Log Printing Workflow
Download source from https://github.com/TarsCloud/TarsJava Package tars-plugins with mvn package Include the generated JAR in your project
Configure logback.xml with an appropriate appender
Obtain a logger via LoggerFactory.getLogger("root") Use logger.debug("message") to emit logs to the configured server
MDC Log Chain Tracing
MDC holds a ThreadLocal map; developers put a traceId into MDC, and the log pattern extracts it, enabling end‑to‑end request tracing.
Log Coloring
Implement a custom ForegroundCompositeConverterBase to define coloring rules, then reference the rule in logback.xml.

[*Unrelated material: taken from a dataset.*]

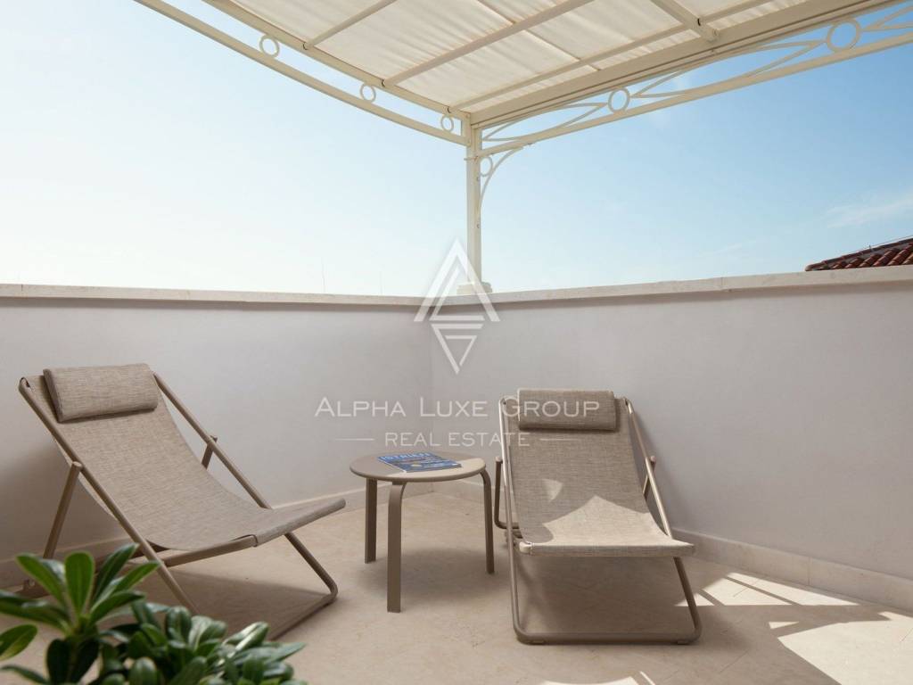 Vanjski prostor dodatno podiže standard života s više terasa, uključujući krovnu terasu s panoramskim pogledom na more. Uređeni vrt obogaćen je privatnim bazenom, sunčanom terasom i dvije zone za roštilj, idealne za okupljanja. Svaki kutak nekretnine odražava pažljivo osmišljene detalje, od profinjenih lustera do skladnih dizajnerskih elemenata, stvarajući neponovljivo iskustvo luksuznog života.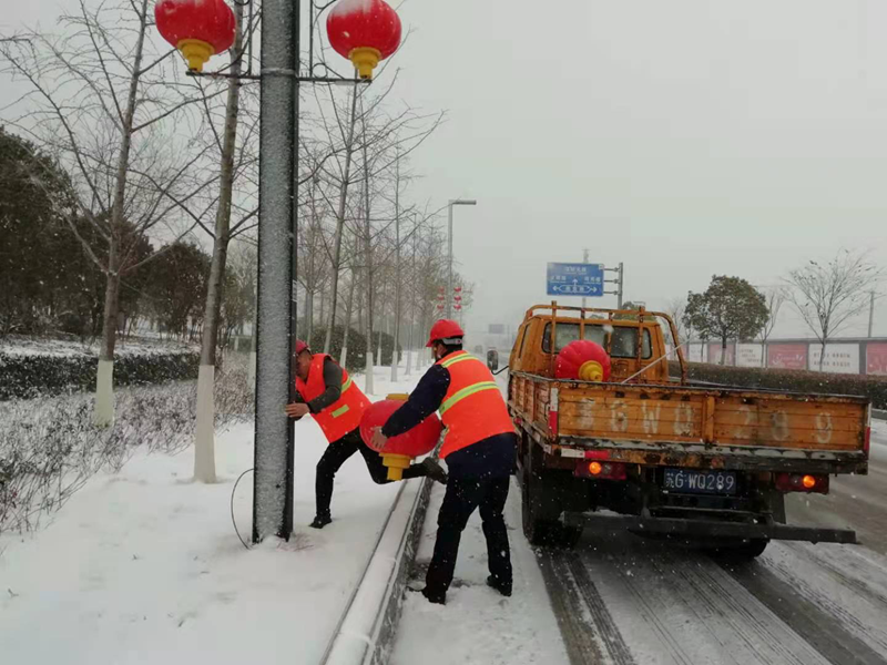 一夜的狂風暴雪將花果山大道路上的亮化燈籠刮掉不少,該項工程是翔立分公司今年承接開發(fā)區(qū)市政第一個亮化工程,安裝維護質量的好壞決定著這該項目工程的能否持續(xù)承接。帶著一份堅守、心懷責任、更帶著翔立轉型發(fā)展的希望,“鐵軍”們一大早就已經(jīng)整裝待發(fā),奔赴施工現(xiàn)場收集整理燈籠。

Logback Integration with Kafka
Method 1 – Custom Appender
Write a custom appender that sends logs to Kafka and configure it in logback.xml.
Method 2 – Open‑Source Kafka Appender
Add the dependency
<dependency>
<groupId>com.github.danielwegener</groupId>
<artifactId>logback-kafka-appender</artifactId>
<version>0.2.0</version>
<scope>runtime</scope>
</dependency>and configure the Kafka appender in logback.xml (e.g.,
<root level="INFO"><appender-ref ref="kafkaAppender"/></root>).
Monitoring and Statistics
Tars reports various metrics such as request count, latency, exceptions, and custom attributes (e.g., memory usage, queue size, cache hit rate). Statistics are aggregated by the SDK and reported to tarsstat at configurable intervals (default 1 minute).
Feature Monitoring
Feature monitors report custom key‑value pairs defined by the SDK (e.g., jvm.memory, jvm.gc) and can be extended programmatically.
Service Health Monitoring
Node services periodically poll managed services and report heartbeat status.
SDK heartbeats are checked for timeout.
Process existence is verified regularly.
Conclusion
The Tars framework offers a comprehensive suite for building, deploying, discovering, configuring, logging, and monitoring microservices, providing visual management, zero‑configuration deployment, high availability, and extensibility for modern backend development.